Regular expressions (regex) are the industry-standard tool for searching, validating, and transforming text. Once you learn the dozen or so building blocks — character classes, quantifiers, anchors, groups, and lookarounds — you can solve in one line what would otherwise take dozens of lines of procedural code. This guide takes you from zero to advanced patterns with copy-paste-ready snippets for email, URL, phone, IP, hex color, ISO date, JWT, and more — all testable in our Regex Tester.
What Is a Regular Expression?
A regular expression is a pattern describing a set of strings.
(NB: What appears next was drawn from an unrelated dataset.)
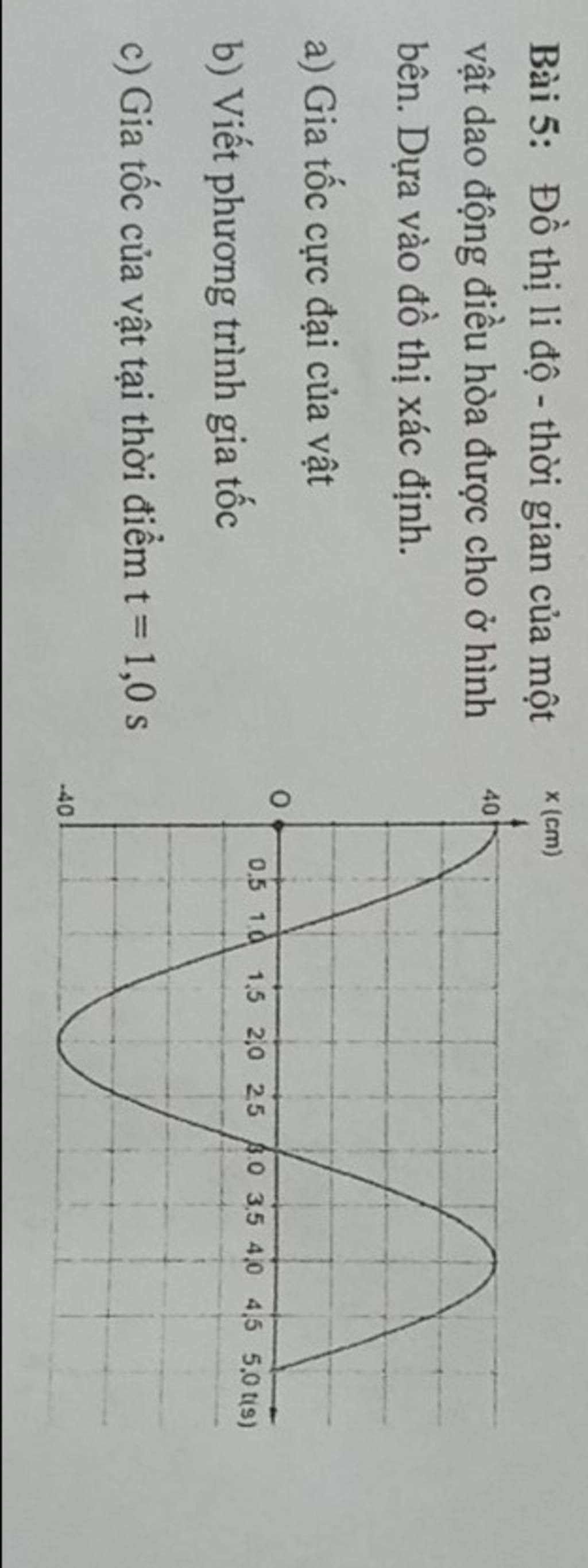 Xem lại tiếp, nếu m viết kiểu đó thì pt đúng phải là `pi/10cos(pi/2t+pi)` chứ, gia tốc ngược pha li độ

The math behind it goes back
to Stephen Cole Kleene in 1951, but every modern language ships a regex engine: JavaScript
(RegExp), Python (re), Java, .NET, Go, Rust, PHP (PCRE), Perl, and even shell tools
like grep, sed, and awk.
📖 Definition — Regex answers the question "does this string match this pattern, and if so, where?" Engines also support capture groups for extraction and replacement for transformation.
Core Syntax Cheat Sheet
| Category | Token | Meaning | Example |
|---|---|---|---|
| Character class | [abc] | a, b, or c | [aeiou] |
[a-z] | range | [A-Za-z0-9] | |
[^abc] | negation | [^0-9] | |
| Shorthand | \d | digit ([0-9]) | \d{4} |
\w | word char ([A-Za-z0-9_]) | \w+ | |
\s | whitespace | \s* | |
. | any char (except \n by default) | a.b | |
| Anchor | ^ | start | ^Hello |
$ | end | !$ | |
\b | word boundary | \bword\b | |
| Quantifier | * | 0 or more | a* |
+ | 1 or more | \d+ | |
? | 0 or 1 (optional) | colou?r | |
{n} | exactly n | \d{4} | |
{n,m} | n to m | \d{2,5} | |
| Group | (...) | capturing | (\d+) |
(?:...) | non-capturing | (?:abc){2} | |
(?<name>...) | named capture | (?<year>\d{4}) | |
| Alternation | a|b | a or b | cat|dog |
\x | escape special char | \. |
Flags That Change Behavior
| Flag | Effect | JS | Python |
|---|---|---|---|
g | find all matches, not just first | ✅ | use findall |
i | case-insensitive | ✅ | re.IGNORECASE |
m | multiline (^/$ per line) | ✅ | re.MULTILINE |
s | dotall (. matches \n) | ✅ | re.DOTALL |
u | full Unicode + named props | ✅ | default in Py3 |
x | verbose (whitespace + comments) | — | re.VERBOSE |
Practical Patterns Library
| Use Case | Pattern | Notes |
|---|---|---|
| Email (pragmatic) | ^[\w.+-]+@[\w-]+(?:\.[\w-]+)+$ | Covers ~99% of real addresses; not RFC 5322 complete |
| HTTPS URL | ^https?:\/\/[\w.-]+(?:\:\d+)?(?:\/[^\s]*)?$ | Tighten with allowed-TLD list if needed |
| US phone | ^\(?\d{3}\)?[-.\s]?\d{3}[-.\s]?\d{4}$ | Use libphonenumber for international |
| IPv4 (strict 0–255) | ^((25[0-5]|2[0-4]\d|1?\d\d?)\.){3}(25[0-5]|2[0-4]\d|1?\d\d?)$ | Validates each octet |
| Hex color | ^#(?:[0-9A-Fa-f]{3,4}|[0-9A-Fa-f]{6}|[0-9A-Fa-f]{8})$ | Supports 3/4/6/8 forms |
| ISO 8601 date | ^\d{4}-\d{2}-\d{2}(?:T\d{2}:\d{2}:\d{2}(?:\.\d+)?(?:Z|[+\-]\d{2}:\d{2})?)?$ | Date or full date-time |
| UUID v4 | ^[0-9a-f]{8}-[0-9a-f]{4}-4[0-9a-f]{3}-[89ab][0-9a-f]{3}-[0-9a-f]{12}$ | Strict v4 |
| Slug | ^[a-z0-9]+(?:-[a-z0-9]+)*$ | SEO-safe URL slug |
| JWT | ^[A-Za-z0-9_-]+\.[A-Za-z0-9_-]+\.[A-Za-z0-9_-]+$ | Three Base64URL parts |
| Credit card (Visa) | ^4\d{12}(?:\d{3})?$ | 13 or 16 digits |
| Strong password | ^(?=.*[a-z])(?=.*[A-Z])(?=.*\d)(?=.*[^\w]).{12,}$ | Requires upper/lower/digit/symbol, 12+ chars |
Drop any of these into the Regex Tester, paste your sample text, and watch matches highlight in real time. The tool also exports working JavaScript and Python snippets.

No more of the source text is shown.